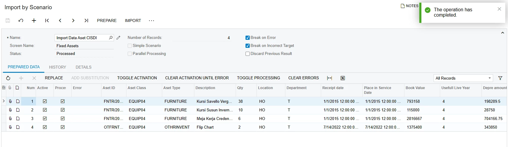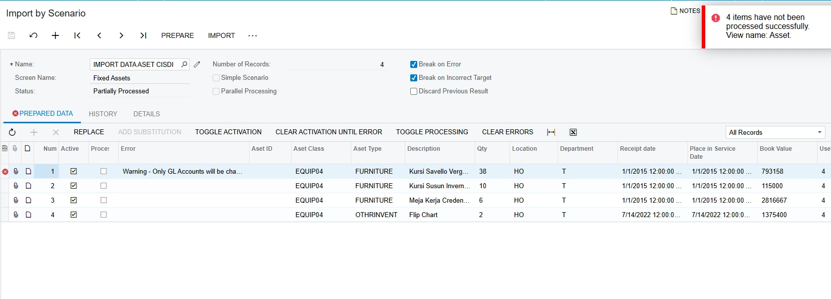 Hii, i want to try import some master data of fixed asset in Acumatica, using Import using Scenario. Bu when i try to import, there is an error but more like warning like this “Warning - Only GL Accounts will be changed, all other parameters remain unchanged. Do you want to continue?” But there’s no action option like Continue or Yes. Please somebody help me to solve this, please😣
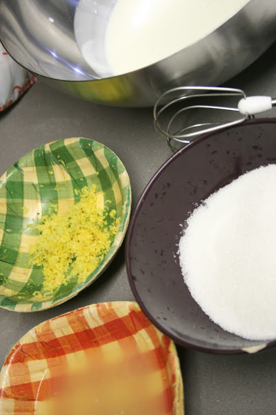 Cuando veamos que la nata (crema de leche) está montada le echamos el azúcar y volvemos a batir, después echamos el zumo y la mitad de la ralladura, la otra mitad para decorar.
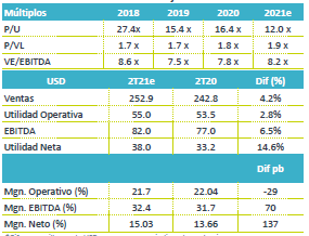 Márgenes – Como parte de su estrategia para contrarrestar los efectos de la crisis, GCC anunció ahorros hasta por USD$20 millones durante 2020, conservando USD$10 millones para este 2021, por lo que esperaríamos seguir viendo un margen EBITDA alrededor del 32.4%, con un margen operativo estimado de 21.7%. Aunque en los próximos trimestres podríamos ver una disminución de los mismos.
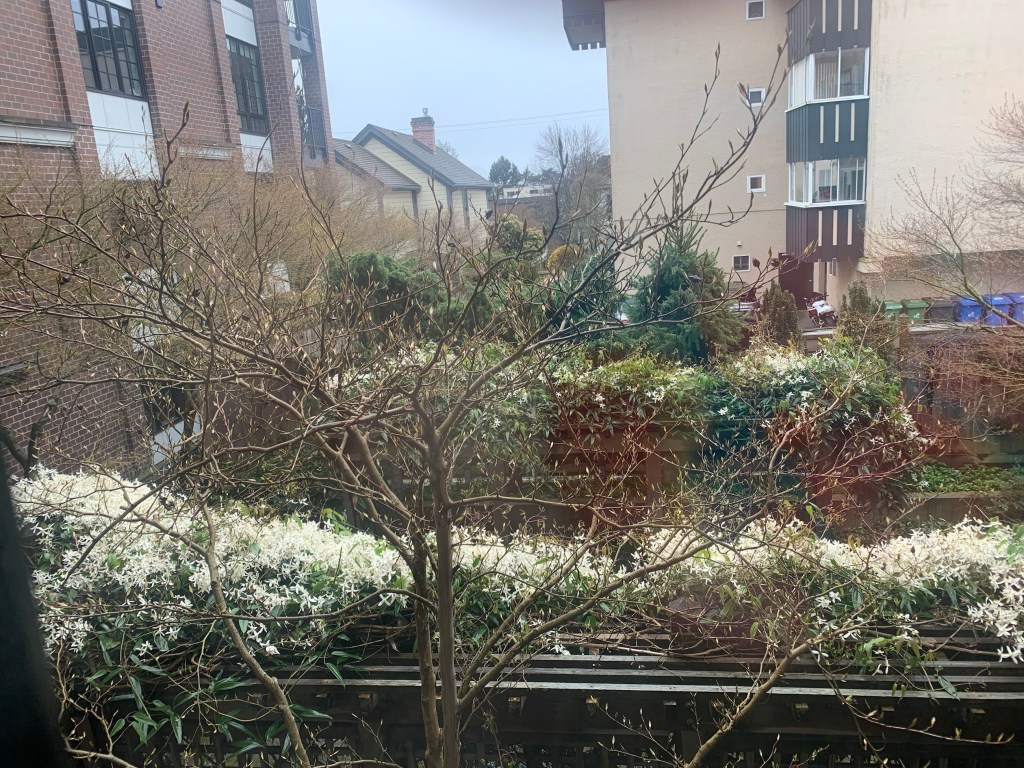 I love creating new collages, with my cats on my desk, and a window with a view of the clematis, and in the far distance the mountains. I’m so lucky to have this little piece of paradise.
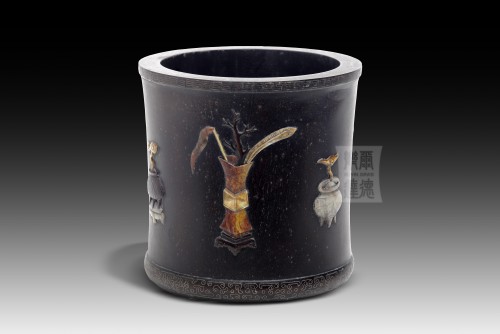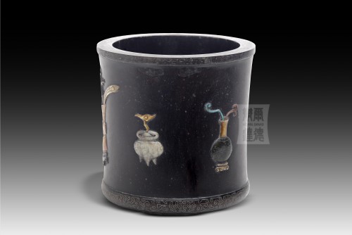W-003 紫檀木嵌玉石筆筒
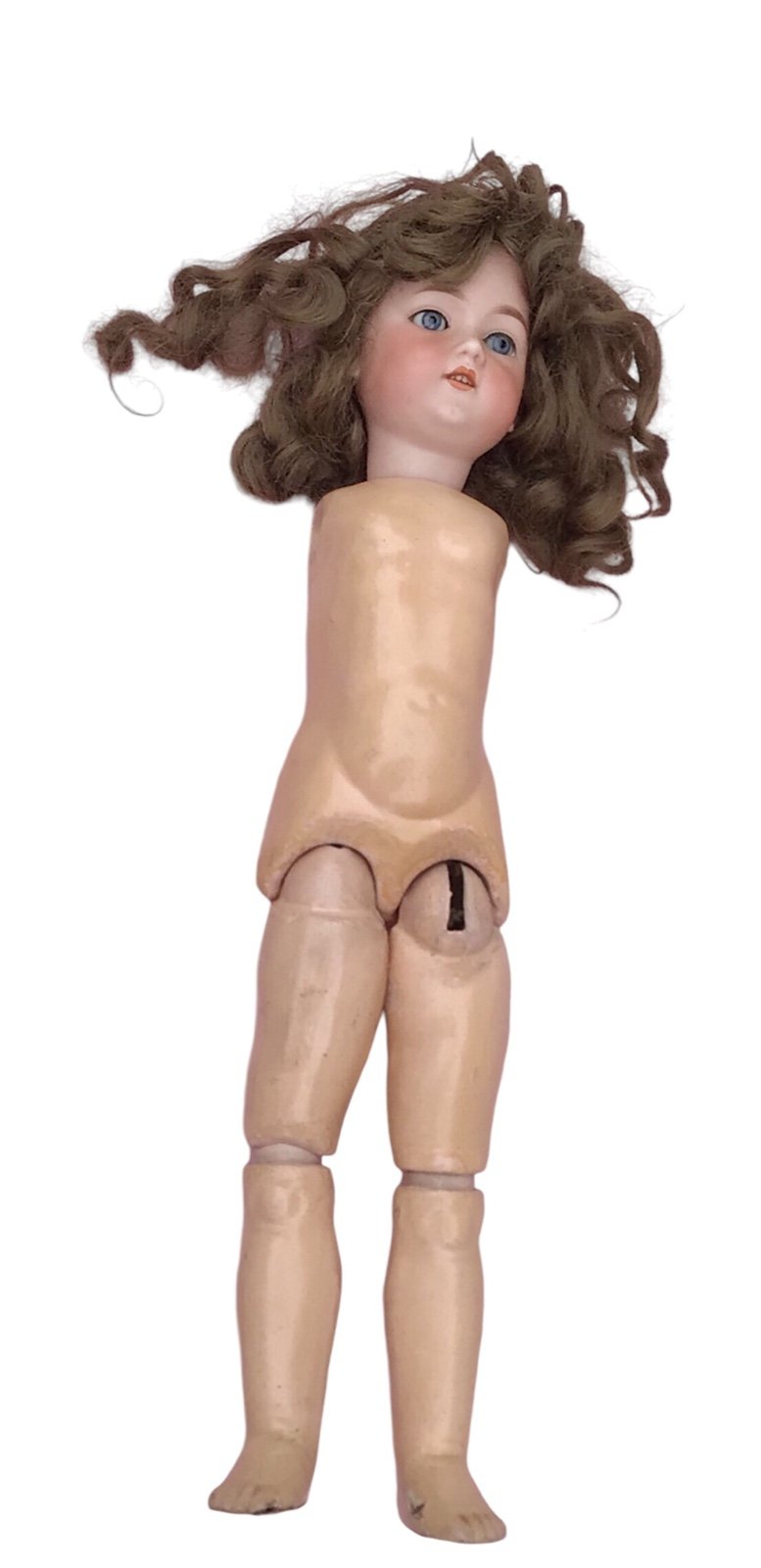 Loose stringing, no arms. Worn legs. Chipped, scratched and aged composition body.
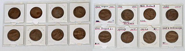 | Description: Penny. 1920 Dot Blow, 1924 Indian Obverse, 1928 broken 8, 1930 date altered forgery, 1931 Dropped 1, 1933/2 overdate, 1941 K.G, 1942Y missing I mintmark. (8 coins total). VG-aVF |
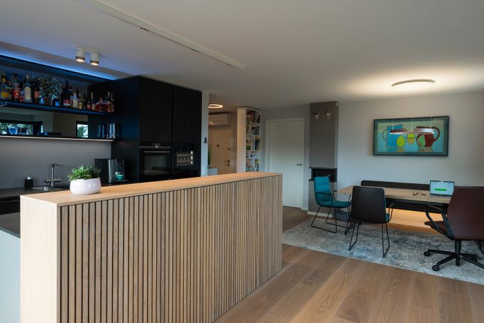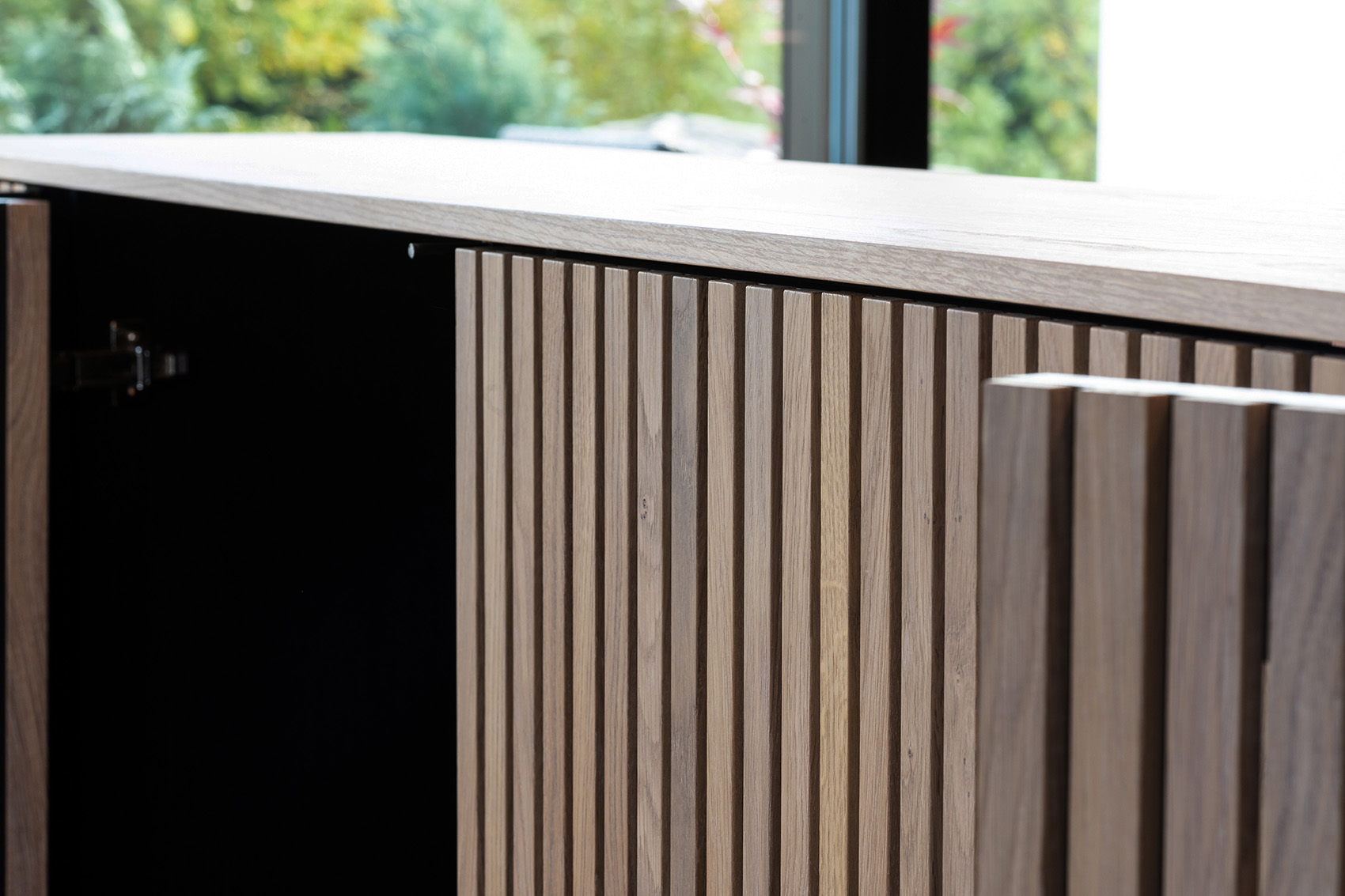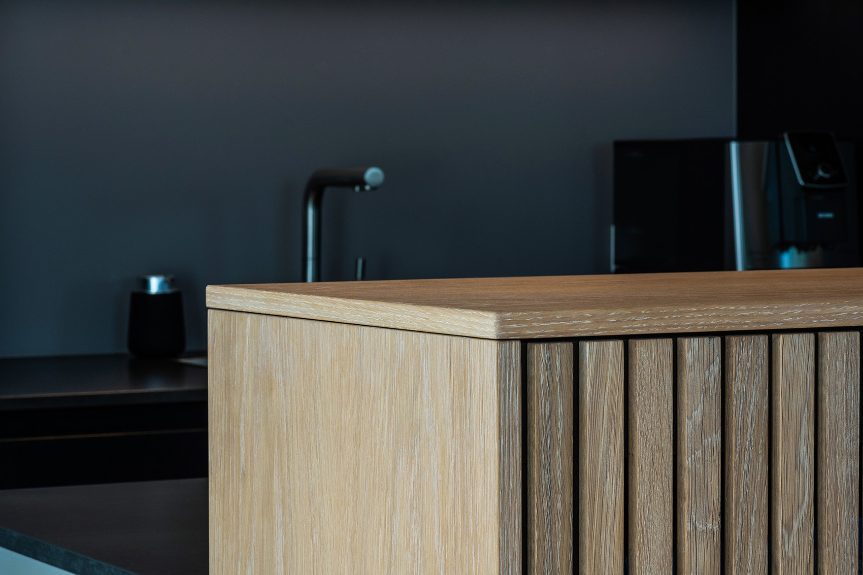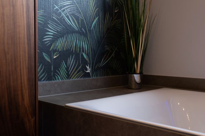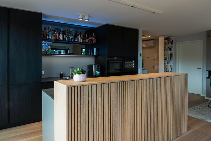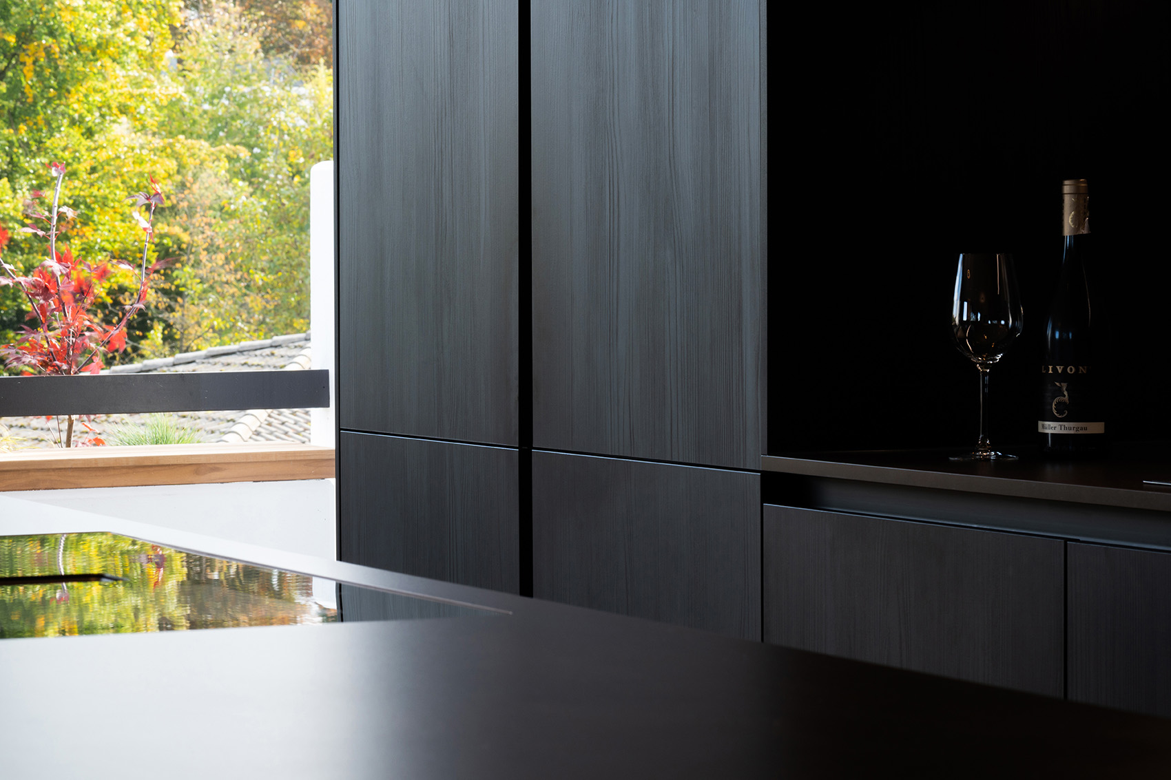 Die hochwertige Strukturfichte in schwarz wirkt schon für sich allein edel. Die offenen Regale in der Küchenrückwand und die abgestufte Kücheninsel integrieren die eigentliche Küche perfekt in den offenen Wohnbereich. Alles ist wohnlich und gleichzeitig klar strukturiert. Plus: Im Akustikpaneel der Kücheninsel verbirgt sich der Fernseher – Form und Funktion sind hier perfekt vereint.

> **Assigned task**: I would like the material above returned exactly as it stands, without its pictures.

> **Answer box**:
 Hii, i want to try import some master data of fixed asset in Acumatica, using Import using Scenario. Bu when i try to import, there is an error but more like warning like this “Warning - Only GL Accounts will be changed, all other parameters remain unchanged. Do you want to continue?” But there’s no action option like Continue or Yes. Please somebody help me to solve this, please😣
 Cuando veamos que la nata (crema de leche) está montada le echamos el azúcar y volvemos a batir, después echamos el zumo y la mitad de la ralladura, la otra mitad para decorar.
 Márgenes – Como parte de su estrategia para contrarrestar los efectos de la crisis, GCC anunció ahorros hasta por USD$20 millones durante 2020, conservando USD$10 millones para este 2021, por lo que esperaríamos seguir viendo un margen EBITDA alrededor del 32.4%, con un margen operativo estimado de 21.7%. Aunque en los próximos trimestres podríamos ver una disminución de los mismos.
 I love creating new collages, with my cats on my desk, and a window with a view of the clematis, and in the far distance the mountains. I’m so lucky to have this little piece of paradise.
W-003 紫檀木嵌玉石筆筒
 Loose stringing, no arms. Worn legs. Chipped, scratched and aged composition body.
 | Description: Penny. 1920 Dot Blow, 1924 Indian Obverse, 1928 broken 8, 1930 date altered forgery, 1931 Dropped 1, 1933/2 overdate, 1941 K.G, 1942Y missing I mintmark. (8 coins total). VG-aVF |
 Die hochwertige Strukturfichte in schwarz wirkt schon für sich allein edel. Die offenen Regale in der Küchenrückwand und die abgestufte Kücheninsel integrieren die eigentliche Küche perfekt in den offenen Wohnbereich. Alles ist wohnlich und gleichzeitig klar strukturiert. Plus: Im Akustikpaneel der Kücheninsel verbirgt sich der Fernseher – Form und Funktion sind hier perfekt vereint.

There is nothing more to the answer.